*64. The code and engine has been same but tweaked over the years. Melee the same 64, Brawl same as Melee, 4 and Ult are self-explanatory
They switched from something made in-house for 64 and Melee to using Havok since Brawl so already, from a physics engine perspective, this sentence is wrong. Admittedly, a lot of the codes could still transfer over but saying Smash had the same engine in its entire history is incorrect.
And even so, the way codes can be tweaked can lead to entire different vibes. You can't reasonably say that Melee, a fast-paced high-octane game with loads of crazy technical combos, plays the same as Brawl, a slow methodical game where combos don't exist because of a universal combo breaker that's way too easy to abuse. They have the same goal but the means to achieve said goal is fundamentally different between the two of them.
Even with similar code, two games can be and feel entirely different just by changing numbers. And there's a lot more that can be done to make two games different despite using the same code and engine. Wind Waker and Twilight Princess actually have the same engine, for example.
This is the kind of thing I want to see for the next Smash. They don't need to start over with everything, but tweak more numbers than usual for a fresher experience. And maybe some artstyle shift. Bring back the Brawl aesthetic. It would ****ing rule in a console with the Switch 2's power!
Also i'm going to be contrarian and disagree with the consensus. Unless its going to be a huge dramatic shake-up like a 3D Smash akin to Power Stone or Virtual-On, i rather have things be more or less the same. Especially when the cost means losing an entire slate of characters, half if not more just, for them to replaced with recency bias and shill picks. Not for $80
The problem is that since most of the Switch era was skipped, there is
plenty of picks from that era who can be used. Regardless of how they design the next Smash, whether they play it safe by barely changing anything or doing some shake-ups, you
will see what you call "recency bias and shill picks" because this is how Smash usually runs.
Just look at Brawl and Smash 4's newcomer roster. A
lot of newcomers for them were about using stuff that happened since Melee and Brawl respectively. Brawl was able to pull beyond that due to how relatively young and small Melee's roster was, leaving a lot of gaps such as Wario or Diddy Kong. Not so much by the time we got to Smash 4.
Ultimate took the route of fan demand because the Ballot allowed it to, but that Ballot is very outdated now and may not be representative of what today's fandom wants.
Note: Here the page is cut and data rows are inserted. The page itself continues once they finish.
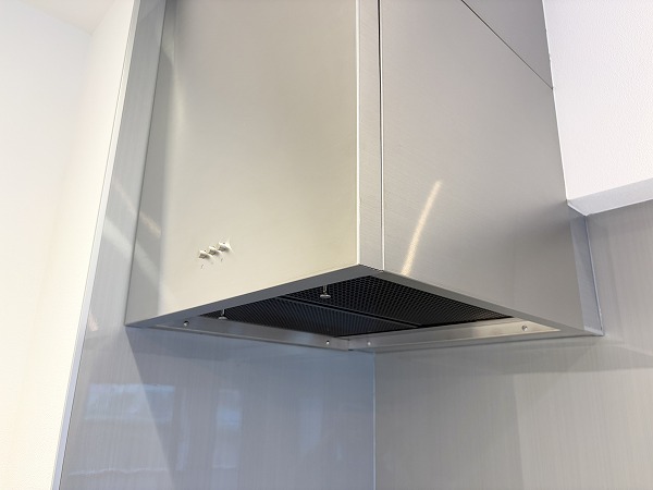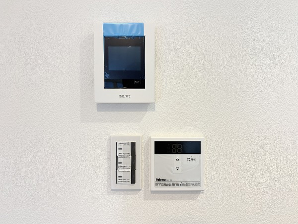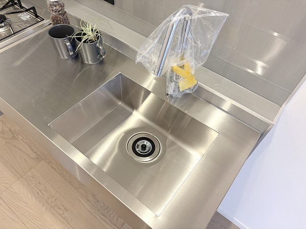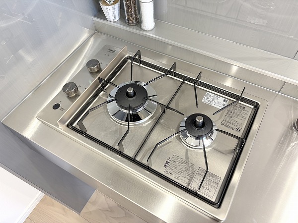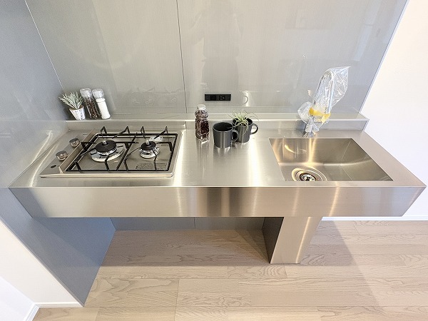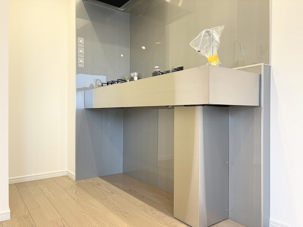 スタイリッシュなデザインのキッチンは、お料理に集中しやすい壁付け型です。バックパネルはマグネットボードになっており、買い出しに必要なメモを忘れないように貼っておくことができますよ。コンロ下にはキッチン用品のストックやゴミ箱を置くことのできるスペースが確保されています。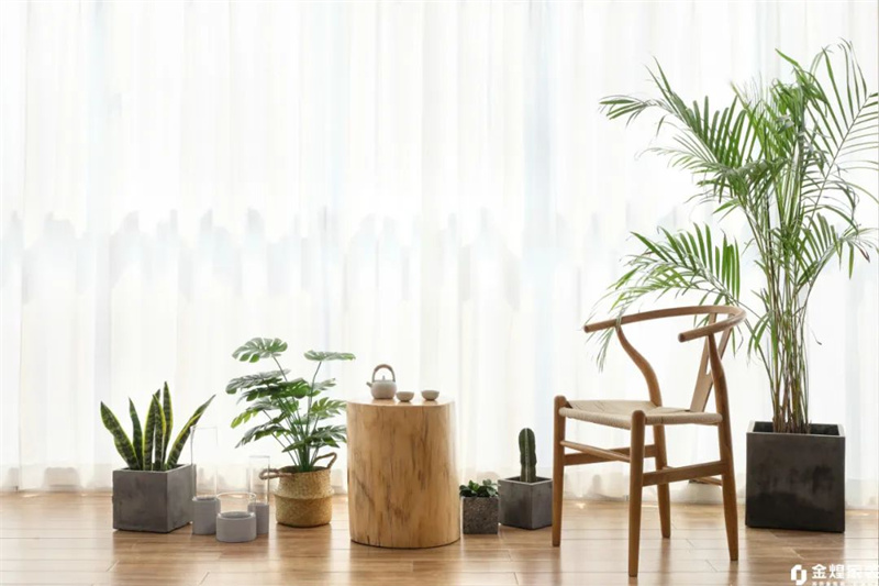 陽臺鋪設(shè)著淺色原木地板,陽光透過玻璃窗灑滿整個空間,再點(diǎn)綴幾盆綠植,生機(jī)勃勃的綠意與原木色調(diào)相互映襯,為空間注入了自然的活力。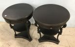 Pair of Biedermier Style Black Lamp Tables, carved swans, two tier, single drawers, solid pieces, 26"h., 21"w. Pair of Biedermier Style Black Lamp Tables, carved swans, two tier, single drawers, solid pieces, 26"h., 21"w.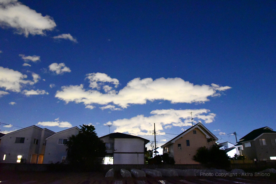 ![]() 使用レンズ:VR24-85mmf/3.5-4.5G〕左ー ISO 6400,1/60,f8 右ー ISO 6400,1/50,f8 ISO12800オーバーでの撮影(夜と日中) トップへ 24-85mm 左の写真は夜の空を撮影した物です。撮影は手持ちですが、電柱にカメラを固定してライブビュー撮影をしました。感度は12800に対して約0.7増感しました。シャッタースピードが1.6秒でしたのでぶれが出てしまい、3枚撮影した内の1枚です。天気の良い夜空でしたので、夜空に浮き立つ雲、星々飛行機のライトが写っています。 上写真ーD750+VR24-85mmf/3.5-4.5G ISO 12800 , 1/1.6秒 ,f9, 露出+2.0段
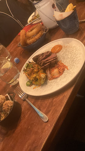 Found this place by accident on a trip to a Glasgow to see Wishbone Ash playing at the Ferry. Dropped in for a bite to eat, greeted by friendly staff and shown to a table. The eating area is lovely to sit in, had a few bottles of ice cold Corona with fresh lime to flavour. My friend had the burger and huge it was…the chips along with it tasted amazing, I had the steak pie, came in a crockery pot, complete with marrow bone to flavour the gravy. It was excellent, full of meat and came along with mash, roasted carrot and parsnip, broccoli and green beans….highly recommended. It was so comfortable and the staff so helpful that we stayed for another bottle of beer. As we left the bar and eating area had filled up, so customers must know about it… all in all I’ll be back when next visiting….hopefully Wed 19th April when Joe Bonamassa is playing in the Armadillo...flying over again...well I dropped in again that Wednesday, . Not quite as good as before, as there were some items not available on the menu, but had the steak pot again, lacked some veg that I had before but excellent anyway. My friend had the Caesar Salad, had the chicken done to his specification (not too hot) and the service was again outstanding.. back again 15/5/23.. menu again updated, my friend had the ribs, I had buffalo chicken wings with chips as default with both items.. plus the usual bottles of Corona. Went down a treat...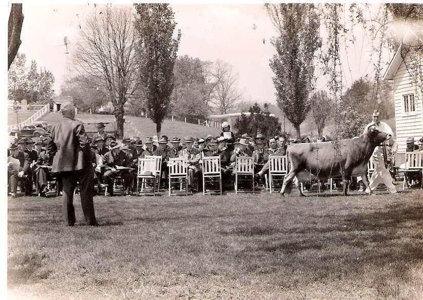 Black-and-white photograph of Tennessee Jersey Breeders event at Indian Summer Jersey Farm, late 1930s-early 1940s.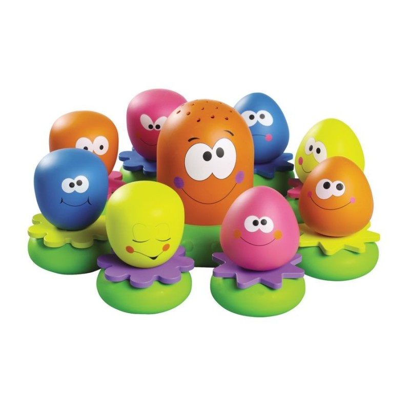 Mama Octopus en haar 8 kleintjes brengen badtijd tot leven! Mummy Octopus dient als basis en drijft op het water. Haar hoofd dient als schenktuit om het water "douche-stijl" te laten stromen en Baby aan het water te laten wennen. De 8 Baby Octopussen kunnen overal worden geplakt (tegels, badwand) dankzij de zuignappen of kunnen worden gebruikt als sproeikop om te spuiten en het water te laten spatten!Als iedereen zijn pleziertje heeft gehad, wordt elke baby weer op zijn plaats gezet aan mama's 8 tentakels. En om je weg te vinden, moet je gewoon het nummer van elke baby vergelijken met het nummer op elke tentakel! Baby leert cijfers en heeft plezier!De basis drijft op water.Vanaf 12 maanden.- Een badspeeltje met een drijvende basis. De Mummy Octopus dient als schenktuit voor het water. De 8 Baby Octopussen worden gebruikt als sproeiers en kunnen met hun zuignappen op de tegels of de badwand worden geplakt. 1 Baby Squirter = 1 nummer: het doel is om elke baby terug op zijn plaats te zetten dankzij de nummers die zijn aangegeven op de tentakels van de Mummy Octopus.- Helpt baby met zijn angst voor water- Inclusief: 1 Mummy Octopus en 8 Baby Squirters- Vanaf 12 maanden- Leerwaarden: Ontwikkelt logica. Het ontdekken van getallen, het ontwaken in kleuren

I would not be shocked if Sakurai returned to how he picked his newcomer options for Brawl and Smash 4.
Something shaken and new =/= good. Sticker Star, Boom, or even games like SWSH were fresh "shake-ups". Smash's strength and dropped ball as other series is due to its consistency.
Yeah but there's also been a lot of good shakeups in history. Mario 64, Metroid Prime and Ocarina of Time were legendary shake-ups whose effects are still felt today. And even for something less drastic, Odyssey making a grand return to a less linear gameplay loop 3D Marios hadn't seen since Sunshine was heavily praised.
I'm not saying Smash getting a shakeup is guaranteed to be good, but it's also not guaranteed to be bad either.
Not saying it should be the same game, Ultimate could use changes to new game like improved buffer, input lag and online but still same core Smash experience.
Well, do you want the same game or not? I'm getting mixed signals here.
I do agree with these changes though.